In recent years, a lot of factories use U-shape assembly line instead of traditional straight assembly line for their manufacturing processes. In this situation, operators are multi-skilled to perform most of the operations. The managers can use this kind of U-line layout to respond the market’s demand quickly, dispatch operators flexibly. Thus, the number of workstations required on a U-line is less than a traditional line did. In the past, researchers didn’t discuss the multi-objective line balancing problems. To adapt the enterprises to a variety of production environment, in this thesis, we study the multi-objective model for U-line balancing problems.

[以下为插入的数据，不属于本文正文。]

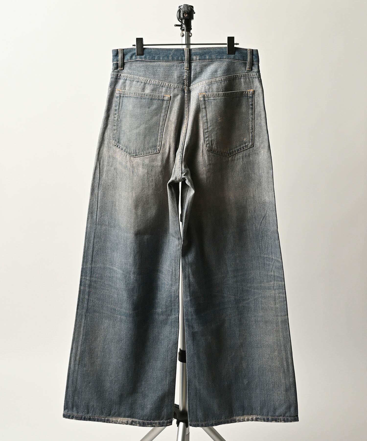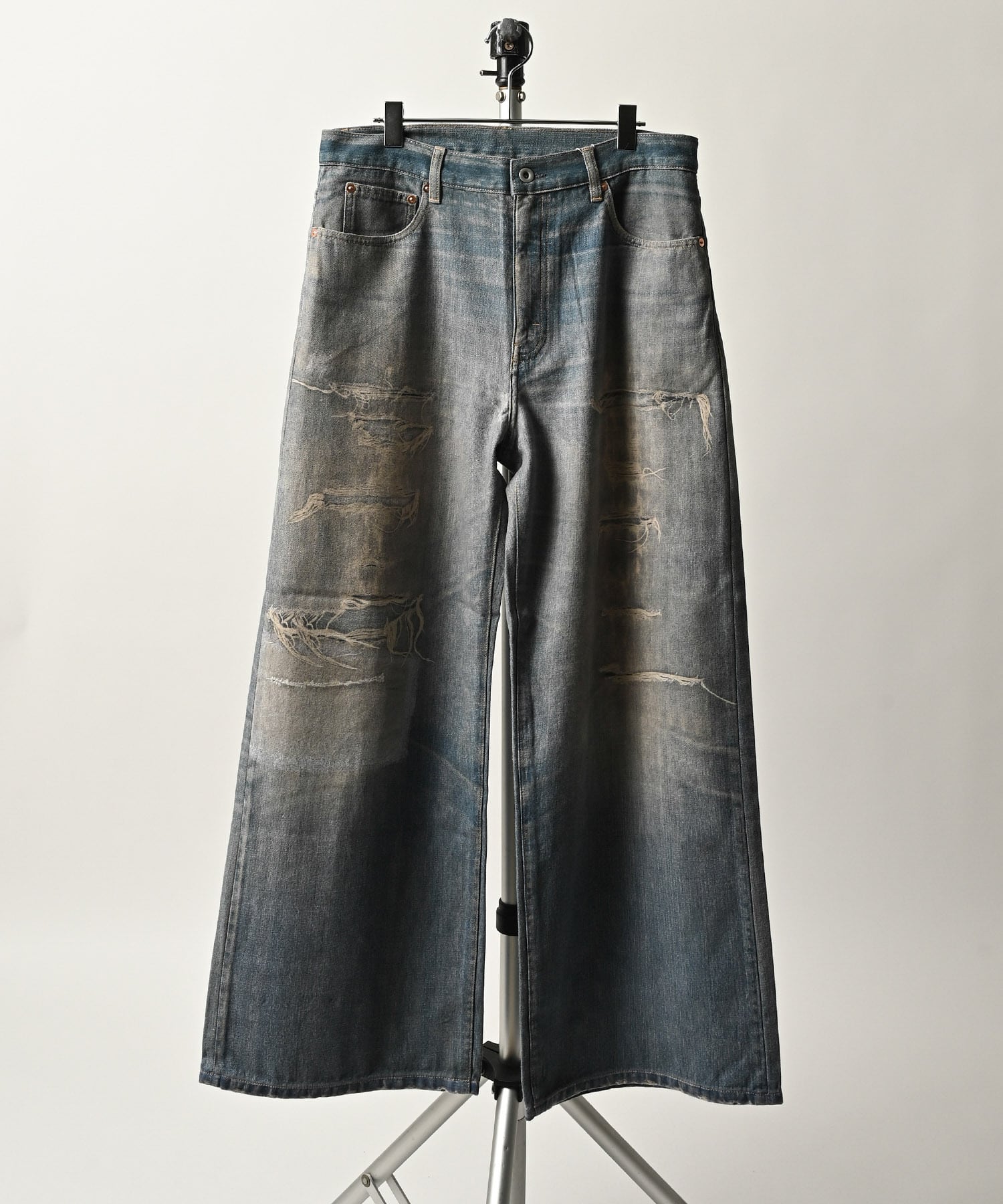 グラフィックプリントでダメージ加工、着古した感じのデニムを表現したパンツ。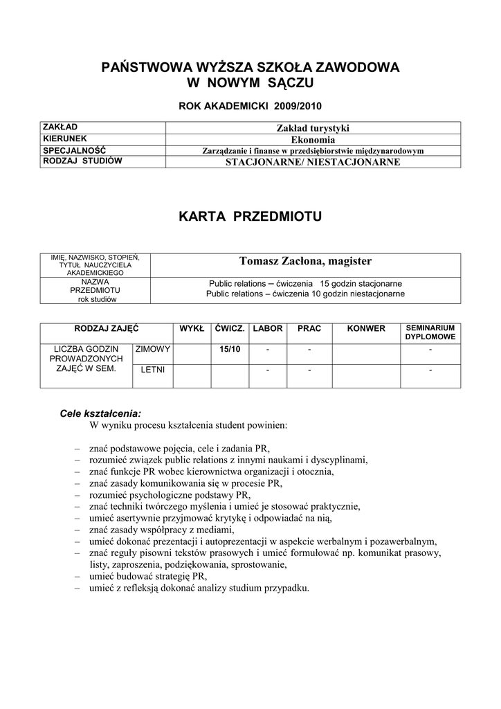 PAŃSTWOWA WYŻSZA SZKOŁA ZAWODOWA W NOWYM SĄCZU ROK AKADEMICKI 2009/2010 ZAKŁAD KIERUNEK SPECJALNOŚĆ RODZAJ STUDIÓW Zakład turystyki Ekonomia Zarządzanie i finanse w przedsiębiorstwie międzynarodowym STACJONARNE/ NIESTACJONARNE KARTA PRZEDMIOTU IMIĘ, NAZWISKO, STOPIEŃ, TYTUŁ NAUCZYCIELA AKADEMICKIEGO Tomasz Zacłona, magister NAZWA PRZEDMIOTU rok studiów Public relations – ćwiczenia 15 godzin stacjonarne Public relations – ćwiczenia 10 godzin niestacjonarne RODZAJ ZAJĘĆ LICZBA GODZIN PROWADZONYCH ZAJĘĆ W SEM. WYKŁ ZIMOWY LETNI ĆWICZ. LABOR 15/10 PRAC KONWER SEMINARIUM DYPLOMOWE - - - - - - Cele kształcenia: W wyniku procesu kształcenia student powinien: – – – – – – – – – – znać podstawowe pojęcia, cele i zadania PR, rozumieć związek public relations z innymi naukami i dyscyplinami, znać funkcje PR wobec kierownictwa organizacji i otocznia, znać zasady komunikowania się w procesie PR, rozumieć psychologiczne podstawy PR, znać techniki twórczego myślenia i umieć je stosować praktycznie, umieć asertywnie przyjmować krytykę i odpowiadać na nią, znać zasady współpracy z mediami, umieć dokonać prezentacji i autoprezentacji w aspekcie werbalnym i pozawerbalnym, znać reguły pisowni tekstów prasowych i umieć formułować np. komunikat prasowy, listy, zaproszenia, podziękowania, sprostowanie, – umieć budować strategię PR, – umieć z refleksją dokonać analizy studium przypadku. Treści kształcenia: Przedmioty (grup A, B i C, D), dla których treści standardowe są określone w standardach nauczania MENiS musza być uwzględnione (w niezmienionej treści) w danym programie autorskim. TEMATYKA ZAJĘĆ (WG. PROWADZONYCH RODZAJÓW ZAJĘĆ) LICZBA GODZIN S LICZBA GODZIN NS 2 2 TEMATYKA ĆWICZEŃ: 1. Public relations – podstawowe pojęcia, definicje, zadania. Public relations w strukturze nauk. Otoczenie organizacji. Ogólne, pośrednie i bieżące cele działalności PR. Funkcje public relations. 2. Psychologia komunikacji masowej i reklamy. 2 3. Kampanie społeczne. 2 2 2 4 2 1 1 4. Prezentacja i autoprezentacja, wystąpienia publiczne (aspekt werbalny i niewerbalny). 5. Środki masowego przekazu. Rynek mediów w Polsce. Zasady współpracy z mediami. Wywiad prasowy – prawo prasowe. 6. Reguły pisania sprostowanie). tekstów Informacja prasowych bezpośrednia (komunikat (listy, prasowy, zaproszenia, 1 podziękowania). Konferencja prasowa. 7. Sytuacja kryzysowa. Reakcja na krytykę. Techniki twórczego 2 myślenia. Studium przypadku. 1 8. Etyka PR. Metody zbierania informacji o otoczeniu. Uzyskane umiejętności – – – – – – budowania strategii komunikacyjnych przedsiębiorstw, budowania wizerunku organizacji i osób, współpracy z mediami, pisania notatki prasowej, organizowania konferencji prasowej, prawidłowego reagowania w sytuacjach kryzysowych. Forma oceny uzyskanej wiedzy: – – – – – – zaliczenie pisemne, aktywność na zajęciach, prezentacja projektu kampanii społecznej, autoprezentacja (wystąpienie indywidualne studenta), symulacja konferencji prasowej. RAZEM max 20 pkt. max 5 pkt. max 10 pkt. max 10 pkt. max 5 pkt. max 50 pkt. 1 Literatura: WYKAZ ZALECANEJ LITERATURY A/ Podstawowa: 1. S. Black, Public Relations, Oficyna Ekonomiczna Kraków 2003. 2. E. M. Cenker, Public Relations, Wyższa Szkoła Bankowa, Poznań 2000. 3. K. Wójcik, Public Relations, Wiarygodny dialog z otoczeniem, Placet, Warszawa 2005. B/ Uzupełniająca: 1. J. Altkorn, Wizerunek firmy, Wyższa Szkoła Biznesu w Dąbrowie Górniczej, Dąbrowa Górnicza 2004. 2. Public relations. Znaczenie społeczne i kierunki rozwoju, [red.:] J. Olędzki, D. Tworzydło, PWN, Warszawa 2006. 3. Rozwadowska B. Public Relations. Teoria, praktyka, perspektywy, Studio Emka, Warszawa 2002. ......................................... Kierownik Zakładu ........................................ Dyrektor Instytutu Zacłona Tomasz ............................................ Prowadzący

Minimizing the deviation value of the cycle time and the number of workstations are studied in this research. Also a goal programming model is implemented to solve this problem. In fact, we judge a target value for each different goal first and the satisfactory solution is found by using the mathematic software subsequently. In goal programming, minimizing the deviational variables and reaching goals as close as possible are achieved simultaneously.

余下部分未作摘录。